- **ABOUT THIS TASK**:
After finding "Windmill toy children's" in the data, write out its line and all following lines without change, up to and including the last one. Leave out pictures.

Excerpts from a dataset
--------------------

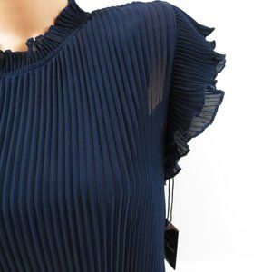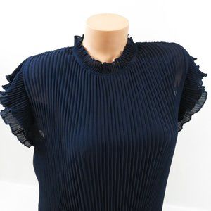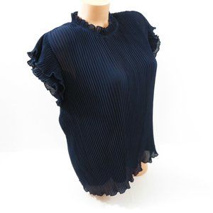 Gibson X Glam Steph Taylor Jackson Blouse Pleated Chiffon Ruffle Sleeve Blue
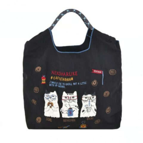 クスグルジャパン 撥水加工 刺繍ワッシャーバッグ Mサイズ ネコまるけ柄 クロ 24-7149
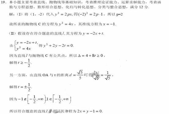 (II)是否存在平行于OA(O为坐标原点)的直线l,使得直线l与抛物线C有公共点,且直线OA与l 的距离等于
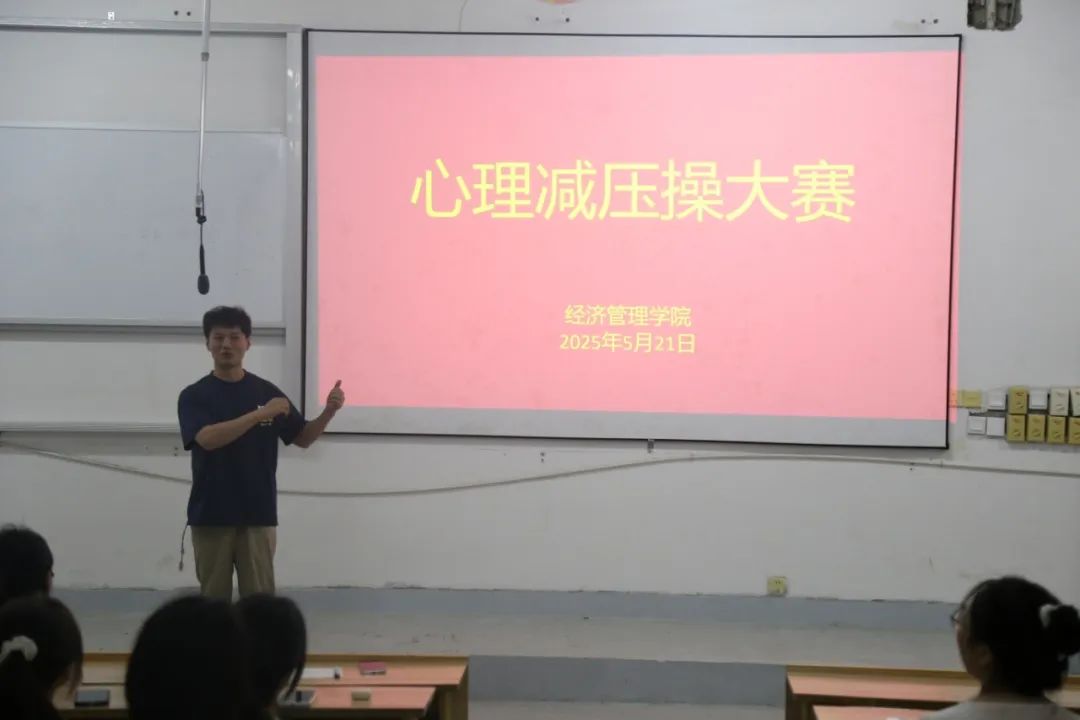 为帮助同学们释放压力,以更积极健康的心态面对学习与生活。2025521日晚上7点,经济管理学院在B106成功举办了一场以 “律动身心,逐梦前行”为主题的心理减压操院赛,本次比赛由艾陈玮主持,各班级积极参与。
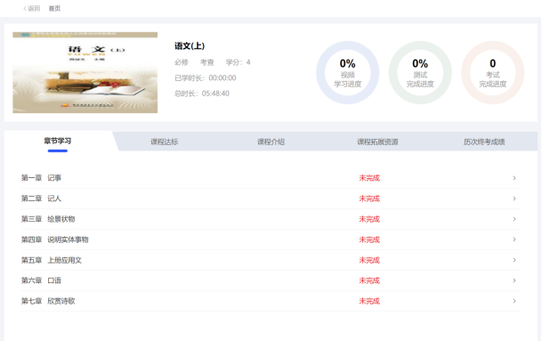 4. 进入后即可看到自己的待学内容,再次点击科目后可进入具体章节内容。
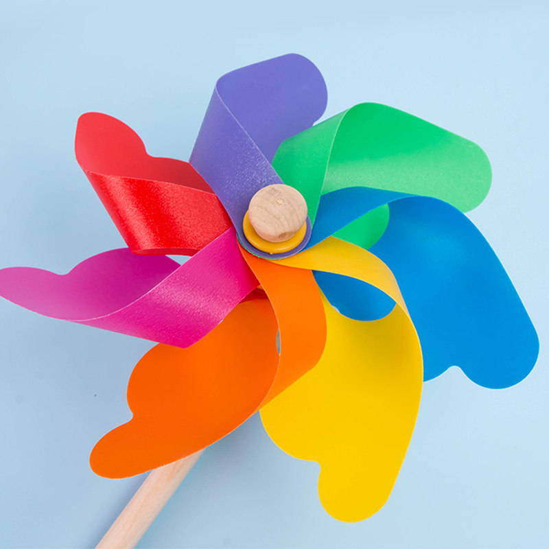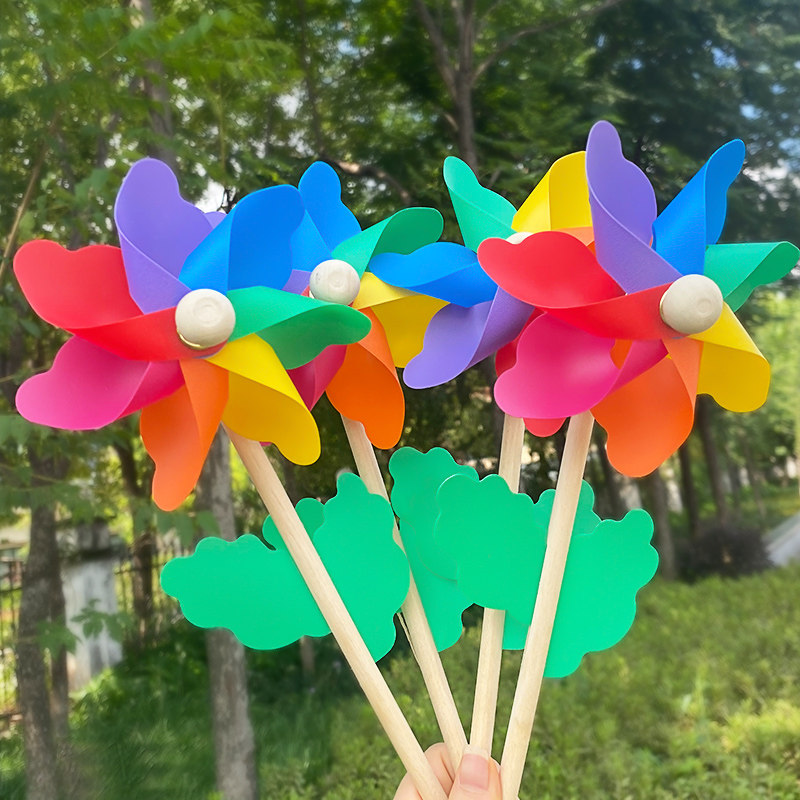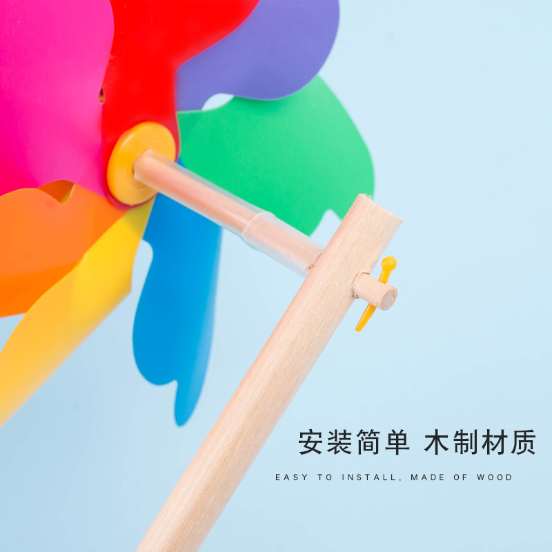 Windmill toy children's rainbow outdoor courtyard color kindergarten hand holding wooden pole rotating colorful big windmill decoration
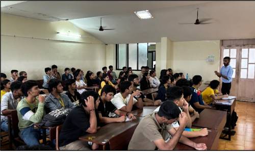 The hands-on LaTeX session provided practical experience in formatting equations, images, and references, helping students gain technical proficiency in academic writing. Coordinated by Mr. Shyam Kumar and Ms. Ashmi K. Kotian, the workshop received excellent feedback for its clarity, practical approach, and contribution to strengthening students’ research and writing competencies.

--------------------

- **YOUR SOLUTION**:
 Windmill toy children's rainbow outdoor courtyard color kindergarten hand holding wooden pole rotating colorful big windmill decoration
 The hands-on LaTeX session provided practical experience in formatting equations, images, and references, helping students gain technical proficiency in academic writing. Coordinated by Mr. Shyam Kumar and Ms. Ashmi K. Kotian, the workshop received excellent feedback for its clarity, practical approach, and contribution to strengthening students’ research and writing competencies.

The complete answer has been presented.